Central Banks Coordinate Cut in Rates
 
The Federal Reserve, the European Central Bank and other central banks from Britain and Switzerland to Canada and China announced rate reductions within seconds of one another. The British government separately announced a plan to pump billions of pounds into the country’s leading banks as part of a plan that would result in considerably greater government influence over the financial sector there.

The Fed said in a statement that, because of weakening economic activity, it had cut the Federal funds target rate by half a percentage point, to 1.5 percent. It also cut its discount rate by the same amount. The vote was unanimous.

The European Central Bank cuts its benchmark rate to 3.75 percent, from 4.25 percent.

The moves had some initial effect on stock markets. European markets pared their heavy losses after the announcement, only to fall again. On Wall Street, investors showed little sense of direction.

The Dow Jones industrials lurched from a 200-point drop at the open to a 200-point increase just 45 minutes later. The Dow was slightly lower after 10:30 a.m., but continued to fluctuate widely.

Federal Reserve officials said Wednesday’s action was the first time ever that the Fed coordinated a reduction in interest rates with other central banks, though the United States has periodically joined with other countries to intervene in currency markets to stabilize foreign exchange rates.

The closest thing to a precedent came in November 2001, when the Fed and the European Central Bank announced a rate reduction on the same day. But those actions were nominally independent, and they did not involve any additional foreign central banks.

The cut came despite what had been a divergence of views between the United States and Europe ever since the financial crisis erupted in August 2007. The European Central Bank had been much more reluctant to lower interest rates, because policy makers there tended to see the mortgage meltdown primarily as an American problem with secondary ripple effects in Europe.

But any lingering comfort outside the United States evaporated in the last week, as money markets froze up around the world and major corporations and banks across Europe began suffocating from their ability to do even routine financial transactions.

Making matters worse, none of the epic emergency measures taken in the United States — the passage of a $700 billion bailout plan to buy up distressed securities; a doubling and re-doubling of emergency loan facilities at the Fed to $900 billion on Monday; and the Fed’s unprecedented decision on Tuesday to start buying up short-term commercial debt for businesses of all types — had prevented the stock markets from plunging at vertigo-inducing amounts day after day.

Some analysts responded positively to the news.

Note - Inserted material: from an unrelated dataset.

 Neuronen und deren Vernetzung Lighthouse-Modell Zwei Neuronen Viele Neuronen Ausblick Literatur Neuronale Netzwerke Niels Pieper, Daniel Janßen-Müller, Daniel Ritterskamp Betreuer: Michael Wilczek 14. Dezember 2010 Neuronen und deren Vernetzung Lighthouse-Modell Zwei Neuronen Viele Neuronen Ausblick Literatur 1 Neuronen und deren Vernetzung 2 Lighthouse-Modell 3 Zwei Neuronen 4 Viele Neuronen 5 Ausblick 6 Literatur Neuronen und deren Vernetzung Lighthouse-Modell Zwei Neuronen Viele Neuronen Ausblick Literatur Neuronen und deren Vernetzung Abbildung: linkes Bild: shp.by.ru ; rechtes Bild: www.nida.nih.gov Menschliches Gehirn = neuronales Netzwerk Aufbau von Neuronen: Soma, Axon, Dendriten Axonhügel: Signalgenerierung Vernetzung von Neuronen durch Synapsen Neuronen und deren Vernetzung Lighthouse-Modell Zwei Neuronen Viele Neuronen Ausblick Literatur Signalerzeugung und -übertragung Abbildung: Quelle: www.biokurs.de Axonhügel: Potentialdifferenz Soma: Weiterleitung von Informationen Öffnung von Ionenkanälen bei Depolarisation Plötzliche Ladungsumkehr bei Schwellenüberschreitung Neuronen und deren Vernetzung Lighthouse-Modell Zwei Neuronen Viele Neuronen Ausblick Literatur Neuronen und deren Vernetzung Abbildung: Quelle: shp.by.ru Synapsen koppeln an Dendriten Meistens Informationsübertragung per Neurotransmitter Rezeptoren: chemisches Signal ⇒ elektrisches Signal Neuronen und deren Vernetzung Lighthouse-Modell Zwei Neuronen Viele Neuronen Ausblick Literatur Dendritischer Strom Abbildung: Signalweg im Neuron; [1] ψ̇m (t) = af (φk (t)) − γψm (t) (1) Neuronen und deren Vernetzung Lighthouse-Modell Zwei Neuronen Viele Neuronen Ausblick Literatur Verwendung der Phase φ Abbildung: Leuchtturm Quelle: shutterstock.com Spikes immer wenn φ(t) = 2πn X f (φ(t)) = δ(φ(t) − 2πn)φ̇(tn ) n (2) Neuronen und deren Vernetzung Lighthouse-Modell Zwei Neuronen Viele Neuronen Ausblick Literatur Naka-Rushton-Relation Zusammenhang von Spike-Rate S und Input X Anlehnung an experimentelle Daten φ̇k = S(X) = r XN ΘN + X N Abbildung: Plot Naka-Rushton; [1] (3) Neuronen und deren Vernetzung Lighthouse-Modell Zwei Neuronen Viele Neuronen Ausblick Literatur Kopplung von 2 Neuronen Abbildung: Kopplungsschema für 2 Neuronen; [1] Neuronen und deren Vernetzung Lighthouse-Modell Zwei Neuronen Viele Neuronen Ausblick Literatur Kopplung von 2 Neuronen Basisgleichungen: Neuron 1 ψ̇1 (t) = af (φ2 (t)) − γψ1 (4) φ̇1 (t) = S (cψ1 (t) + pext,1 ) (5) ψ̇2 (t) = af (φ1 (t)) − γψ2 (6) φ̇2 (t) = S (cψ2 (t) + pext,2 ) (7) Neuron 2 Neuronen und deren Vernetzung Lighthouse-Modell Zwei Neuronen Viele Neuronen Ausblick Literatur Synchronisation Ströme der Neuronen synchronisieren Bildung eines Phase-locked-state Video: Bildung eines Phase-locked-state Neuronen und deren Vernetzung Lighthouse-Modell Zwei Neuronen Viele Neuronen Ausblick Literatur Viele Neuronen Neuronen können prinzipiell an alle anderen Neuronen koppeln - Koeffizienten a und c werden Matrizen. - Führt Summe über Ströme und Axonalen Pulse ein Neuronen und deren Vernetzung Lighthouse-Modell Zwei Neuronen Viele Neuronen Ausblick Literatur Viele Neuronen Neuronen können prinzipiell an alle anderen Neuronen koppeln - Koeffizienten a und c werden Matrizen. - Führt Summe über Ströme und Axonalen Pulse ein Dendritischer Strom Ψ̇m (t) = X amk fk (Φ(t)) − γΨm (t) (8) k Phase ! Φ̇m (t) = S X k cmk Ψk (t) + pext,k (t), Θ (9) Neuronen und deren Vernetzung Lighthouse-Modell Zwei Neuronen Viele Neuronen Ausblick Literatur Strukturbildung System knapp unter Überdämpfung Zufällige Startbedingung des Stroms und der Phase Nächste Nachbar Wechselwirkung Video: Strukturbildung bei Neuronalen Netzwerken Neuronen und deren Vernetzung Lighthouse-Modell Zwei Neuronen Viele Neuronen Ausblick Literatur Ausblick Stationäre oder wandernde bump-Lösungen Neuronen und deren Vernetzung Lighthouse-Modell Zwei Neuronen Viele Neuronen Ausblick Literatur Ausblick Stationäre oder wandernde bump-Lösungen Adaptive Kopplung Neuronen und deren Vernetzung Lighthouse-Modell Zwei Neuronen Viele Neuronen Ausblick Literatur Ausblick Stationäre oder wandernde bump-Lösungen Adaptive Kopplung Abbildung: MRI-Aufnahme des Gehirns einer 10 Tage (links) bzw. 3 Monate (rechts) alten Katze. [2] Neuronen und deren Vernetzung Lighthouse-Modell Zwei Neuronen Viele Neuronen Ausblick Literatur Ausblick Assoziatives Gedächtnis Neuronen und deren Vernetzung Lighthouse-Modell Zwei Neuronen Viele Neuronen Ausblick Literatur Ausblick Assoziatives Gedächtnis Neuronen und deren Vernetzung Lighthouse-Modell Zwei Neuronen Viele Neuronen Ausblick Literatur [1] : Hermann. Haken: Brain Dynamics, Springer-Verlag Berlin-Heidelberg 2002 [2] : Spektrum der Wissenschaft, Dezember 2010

“At last, a coordinated show of force,” Ian Shepherdson, chief United States economist at High Frequency Economics, wrote in a note. “The move is to be applauded but there is more to come. The playbook to avoid depressions says rates need to be as close to zero as possible.”

Other economists were cautious about whether the various measures would be successful, after previous plans like the United States’ economic bailout have not halted steep declines in share prices.

“There’s no silver bullet for these problems,” said Derek Halpenny, a currency strategist at Bank of Tokyo-Mitsubishi UFJ in London. “But the actions by the Fed on Tuesday, the U.K. government’s bailout plan today and the bit-by-bit approach European governments are taking show the authorities are getting more proactive.”

Tumult in financial markets is starting to spill into Asian political systems. Japan’s prime minister, Taro Aso, promised a committee of parliament on Wednesday that he would postpone national elections, which had been expected early next month, in order to focus on the unfolding financial crisis.

“Honestly, this for us is beyond our imagination,” Mr. Aso told the budget committee. “We have huge fears going ahead.”

Most Asian markets closed before the central banks acted, and share prices across the region suffered a drubbing.